---------- EXERCISE DATA

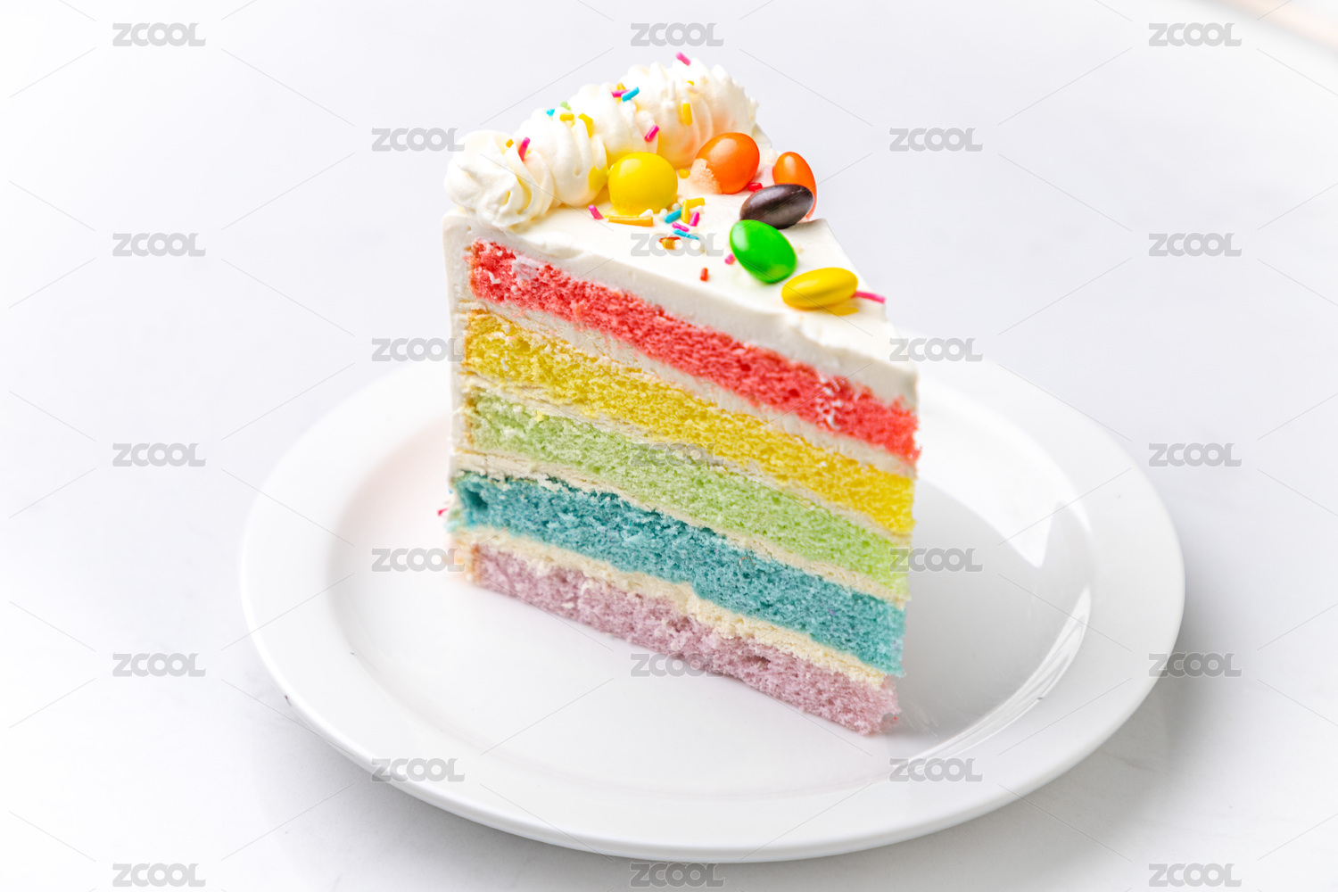 白色桌面上放着一块彩色条纹夹心蛋糕
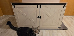 Verkaufe Katzenklo-Schrank Hzuaneri wegen Umstieg auf ein automatisches Katzenklo. Zustand sehr gut, Maße 60 50 54 cm, Farbe Rustic White & Bronze. Praktisch in der Nutzung: versteckt das Katzenklo, hat eine Tür für einfache Reinigung und seitlichen Eingang für die Katze. Kann auch als Möbel Beistelltisch ...
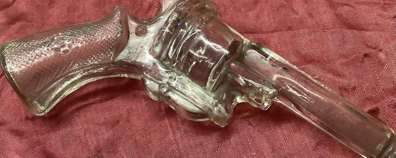 Glass Candy Holder in shape of Gun/ Revolver. This was a Variation of Candy Dishes/Holders made in various shapes, from Tanks, Jeeps, Caps. Very good condition. Unusual to find in this condition. Large size.
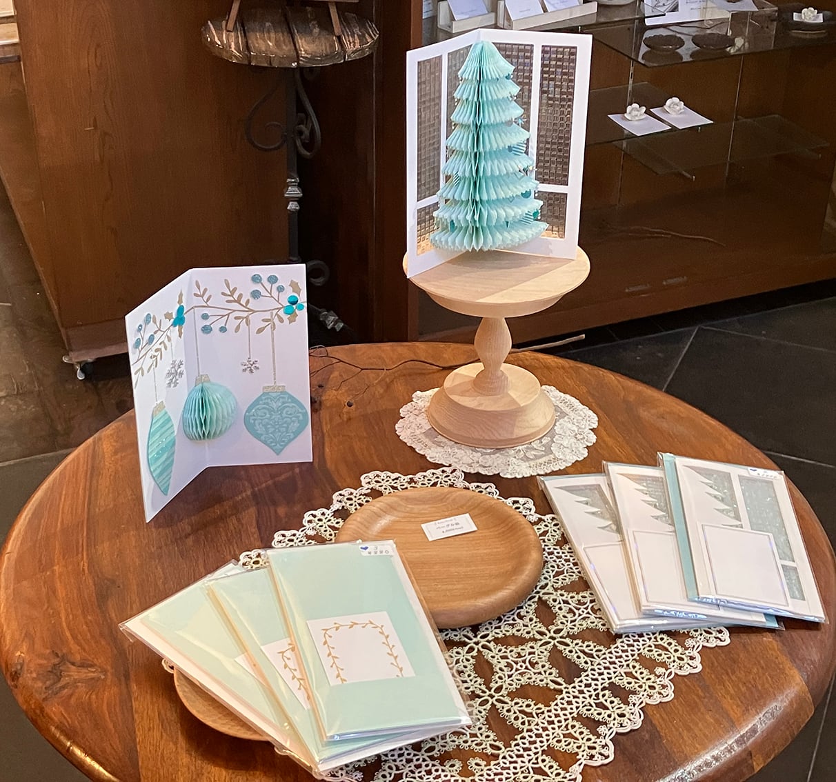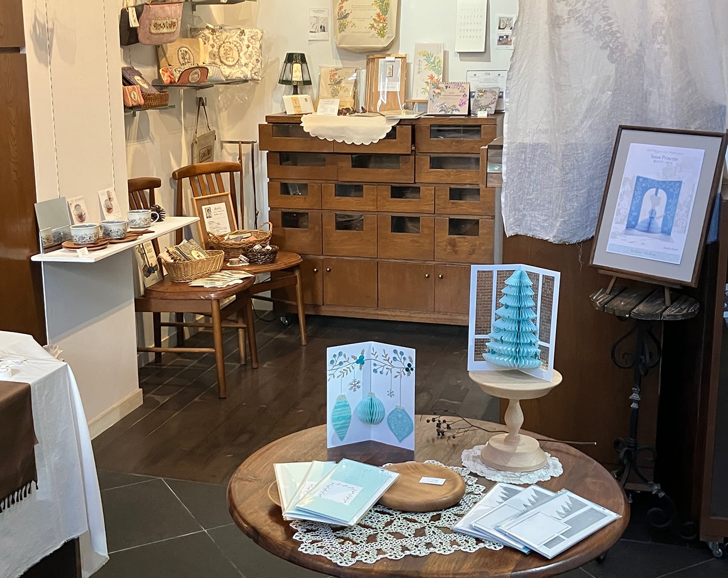 「今回の展覧会テーマ 雪のプリンセスから連想したクリスマスの様子をカードにしました」
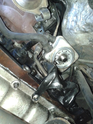 daarna het oliefilter verwijderen met een grote dop 31 ,olie kan trouwens gewoon op het blok blijven zitten zit allemaal in de carterpan.
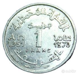 Moneta da 1 Franc del Marocco, con data 1951 .
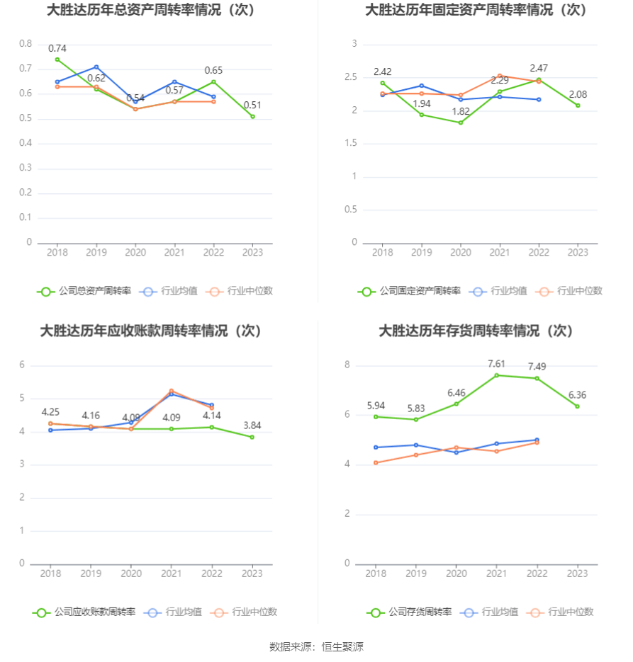 营运能力方面,2023年,公司公司总资产周转率为0.51次,上年同期为0.65次(2022年行业平均值为0.59次,公司位居同行业9/21);固定资产周转率为2.08次,上年同期为2.47次(2022年行业平均值为2.17次,公司位居同行业10/21);公司应收账款周转率、存货周转率分别为3.84次、6.36次。
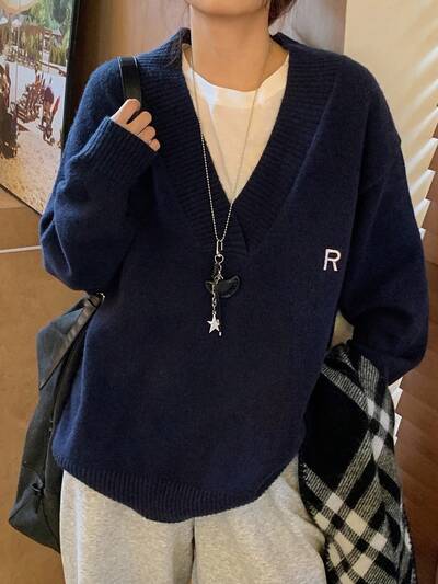 Loose V-Neck Letter Embroidery Long Sleeve Casual Street Style Sweater For Women, Autumn/Winter-71%
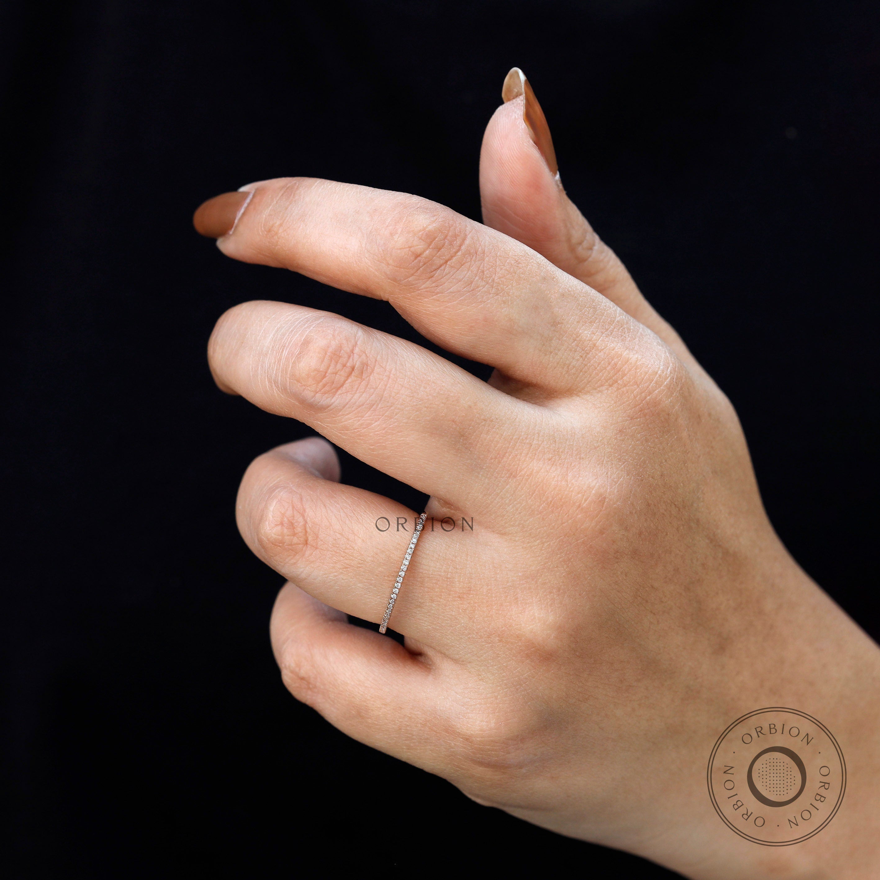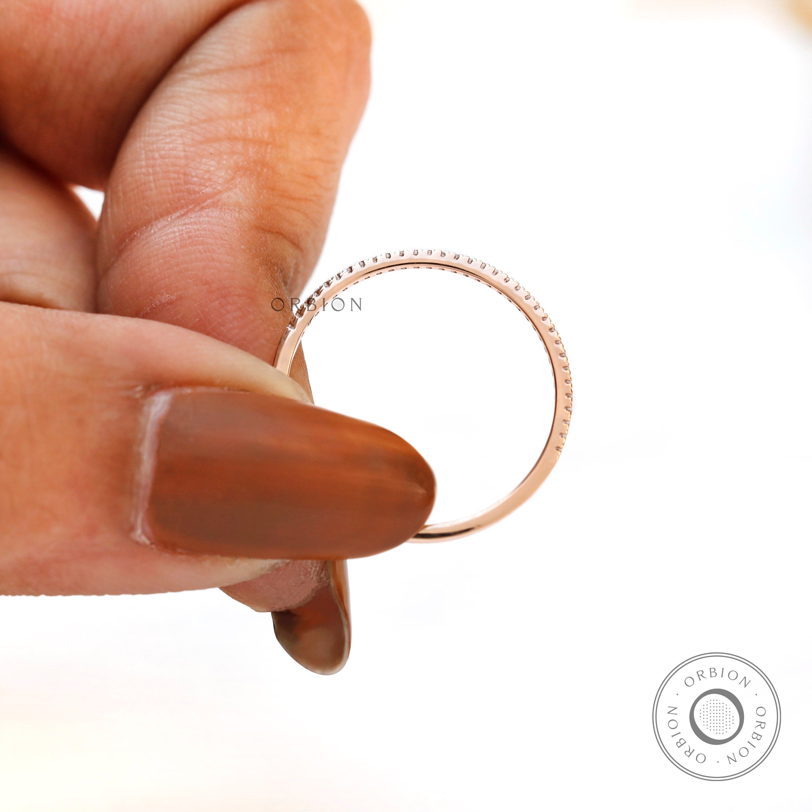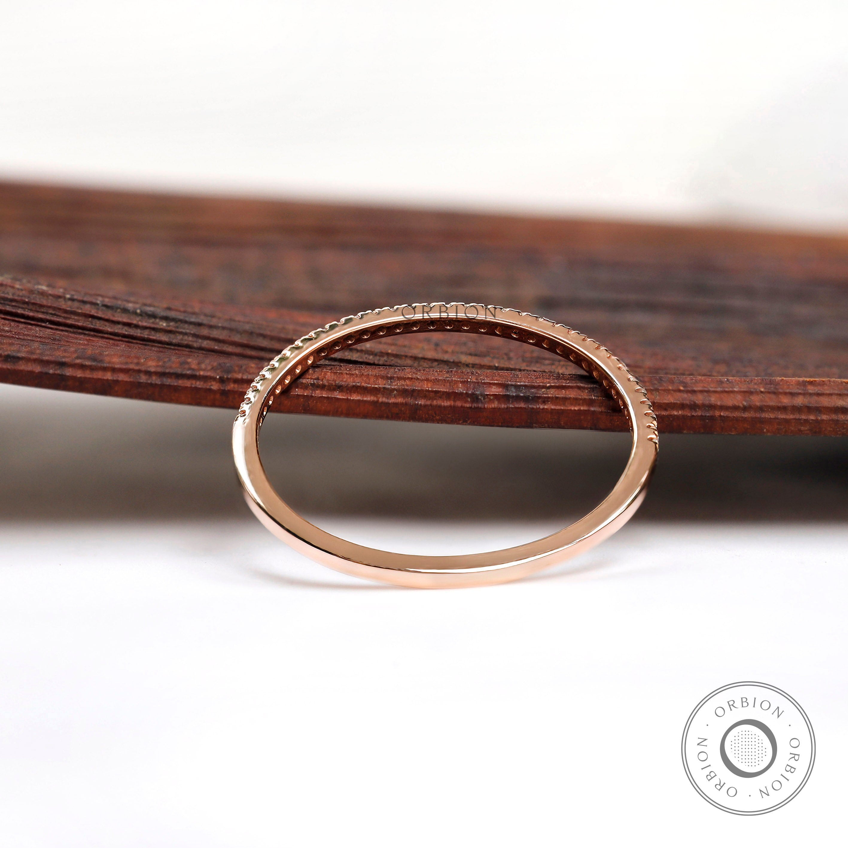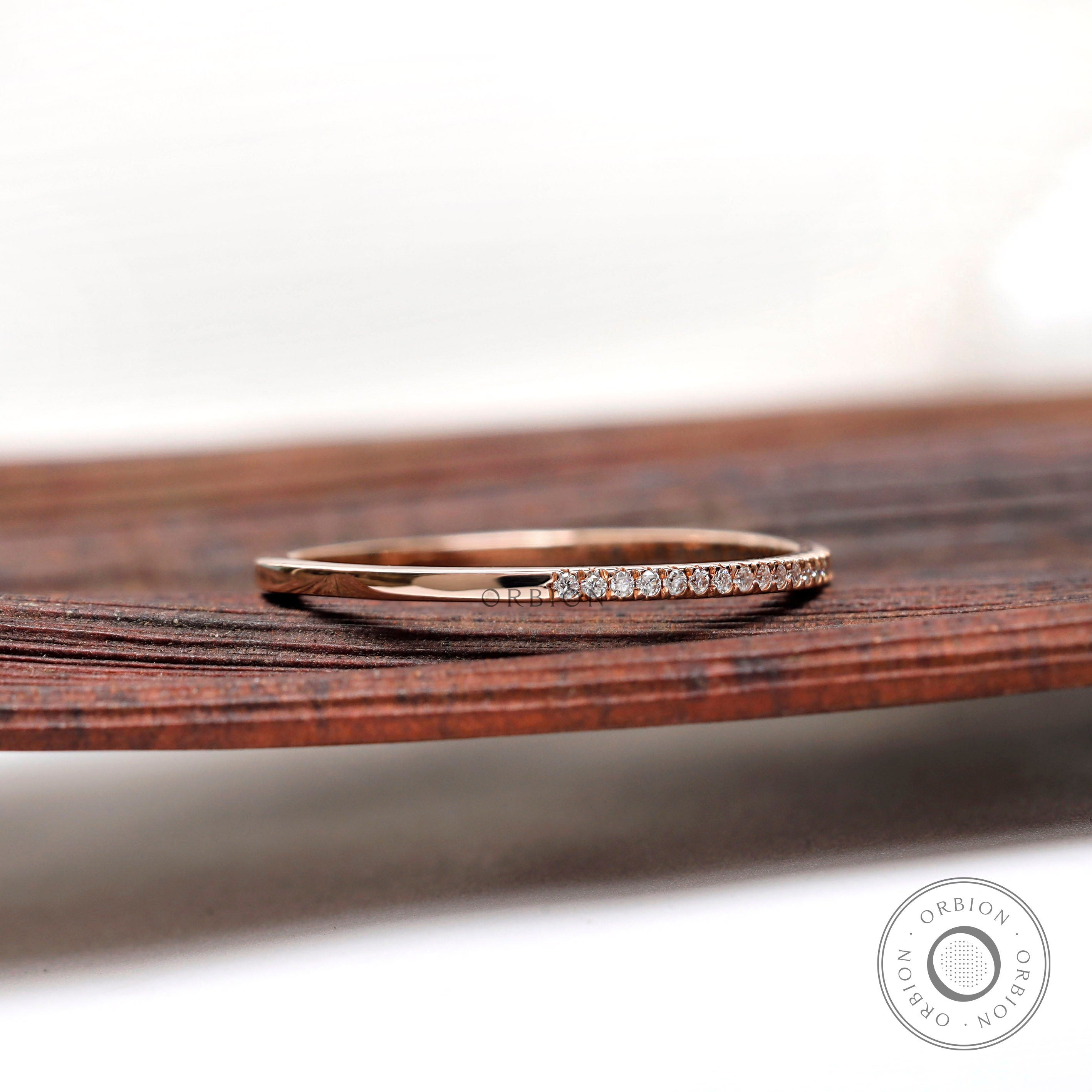 1.20 MM Micro Pave Half Eternity Wedding Band, 14K Rose Gold Moissanite Band, Classic Stacking Matching Band, Delicate Thin Gold Band, Thin Wedding Band, Stacking Band, Dainty Women Band, Handmade Ring, Anniversary Gift, Lab Grown Diamond Band, Tiny Diamond Band

--------------------

The lines to copy begin with the one containing "Loose V-Neck Letter" and end with the last line of the entries above; copy them exactly, minus the pictures.

→ RESULT FOR THIS TASK
 Loose V-Neck Letter Embroidery Long Sleeve Casual Street Style Sweater For Women, Autumn/Winter-71%
 1.20 MM Micro Pave Half Eternity Wedding Band, 14K Rose Gold Moissanite Band, Classic Stacking Matching Band, Delicate Thin Gold Band, Thin Wedding Band, Stacking Band, Dainty Women Band, Handmade Ring, Anniversary Gift, Lab Grown Diamond Band, Tiny Diamond Band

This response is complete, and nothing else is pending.